2023-03-16 Thread Glenn Knickerbocker
On 3/16/2023 6:38 PM, Rob van der Heij wrote:
> KEEP to include the line end characters in the output stream? Would you
> also need a BEFORE and AFTER, or is it good enough to just have them at the
> end? You could use STRIP TRAILING ANYOF with the same set.

I picture wanting them at the end of the record--but I'm sure cases
would arise where they'd be more useful at the start.

¬R


Re: [CMS-PIPELINES] deblocking with various possible linends

2023-03-16 Thread Rob van der Heij
On Thu, 16 Mar 2023 at 23:29, Glenn Knickerbocker  wrote:

> On 3/16/2023 4:46 PM, Rob van der Heij wrote:
> > alternatives (with preference for the first one)
> > - line end is any unique sequence of the specified characters, so if you
> > specify the CR and LF as candidate, then CR, LF, CR LF, and LF CR are all
> > one single end of line, but CR CR would imply a null line between (like
> CR
> > LF LF)
> > - the first string of characters from that set is taken as the line end
> > sequence, until eof.

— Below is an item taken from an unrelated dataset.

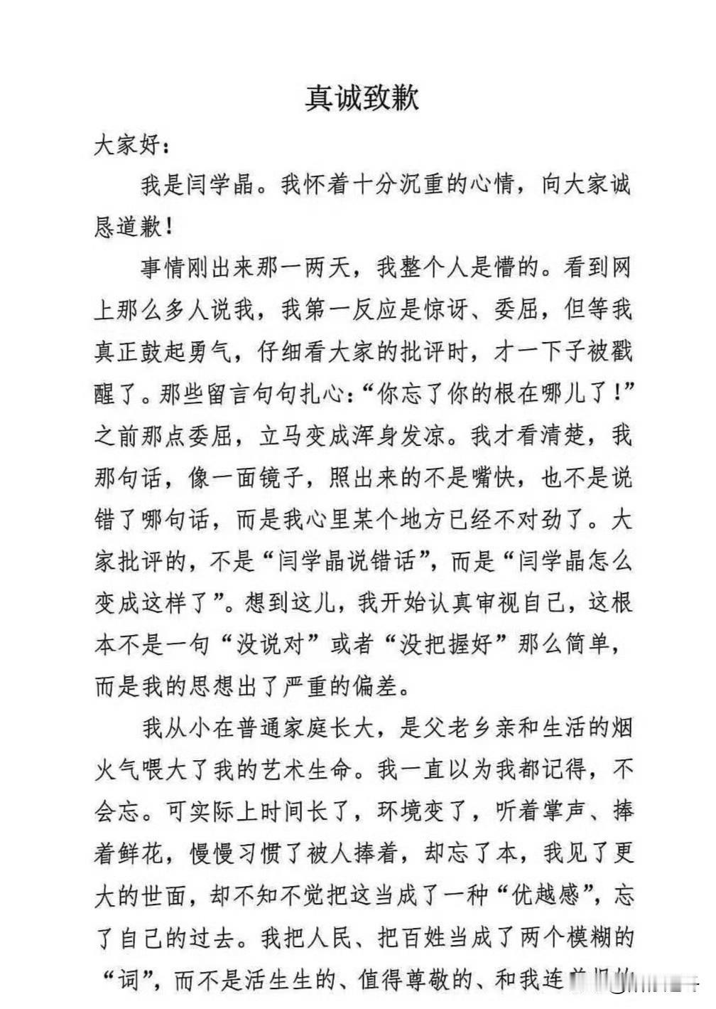 闫学晶与儿子一起道歉![捂脸] 闫学晶彻底塌房了,账号被封,代言被取消,儿子学历被质疑,这下知道道歉了吗?还是喜欢你桀骜不驯的样子! 只能说祸从口出,闫学晶在直播中透露儿子一家收入,称“就挣个几十万,无法维持家庭运转”,其相关言论被质疑“哭穷”。 当网友提出疑问时,闫学晶还怒怼网友,调侃网友是“酸黄瓜”,选择和网友硬刚到底。 随后网友对其家庭进行深扒发现,一件比一件有料,这次的事情,可能不是道个歉,就能过得去的了。 整不好不只是她自己彻底塌房,包括她儿子在内,估计也够呛,尤其是那北京户口和中戏新疆班问题! 眼看事情越发严重,闫学晶立马出来道歉了,其儿子林傲霏也在个人社交媒体账号发布了其母的道歉书,并留言“娘的错,儿子担!感谢大家的监督批评!我们错了。再一次向大家真挚的道歉:对不起”。 只能说是祸从口出呀!你要是低调一点不出来显摆,也不会把自己拖下水,归根结底就是“飘了”,忘记曾经自己也是农民啦!如何看待闫学晶言论争议

So when you start with a bare CR then the next CR
> will
> > cause LF to be the start of a new line.
>
> I like both of these alternatives for different uses--and in both cases,
> it could be useful to have a KEEP operand and/or send the linend off to
> the alternate, to be able to reconstruct the file with the original
> separators.
>

That's why asking just gives me more work...  I still like the ANYOF
keyword to specify the set of characters, and ONCE added to stick with
whatever we got first.
KEEP to include the line end characters in the output stream? Would you
also need a BEFORE and AFTER, or is it good enough to just have them at the
end? You could use STRIP TRAILING ANYOF with the same set.

Rob


Re: [CMS-PIPELINES] deblocking with various possible linends

2023-03-16 Thread Glenn Knickerbocker
On 3/16/2023 4:46 PM, Rob van der Heij wrote:
> alternatives (with preference for the first one)
> - line end is any unique sequence of the specified characters, so if you
> specify the CR and LF as candidate, then CR, LF, CR LF, and LF CR are all
> one single end of line, but CR CR would imply a null line between (like CR
> LF LF)
> - the first string of characters from that set is taken as the line end
> sequence, until eof. So when you start with a bare CR then the next CR will
> cause LF to be the start of a new line.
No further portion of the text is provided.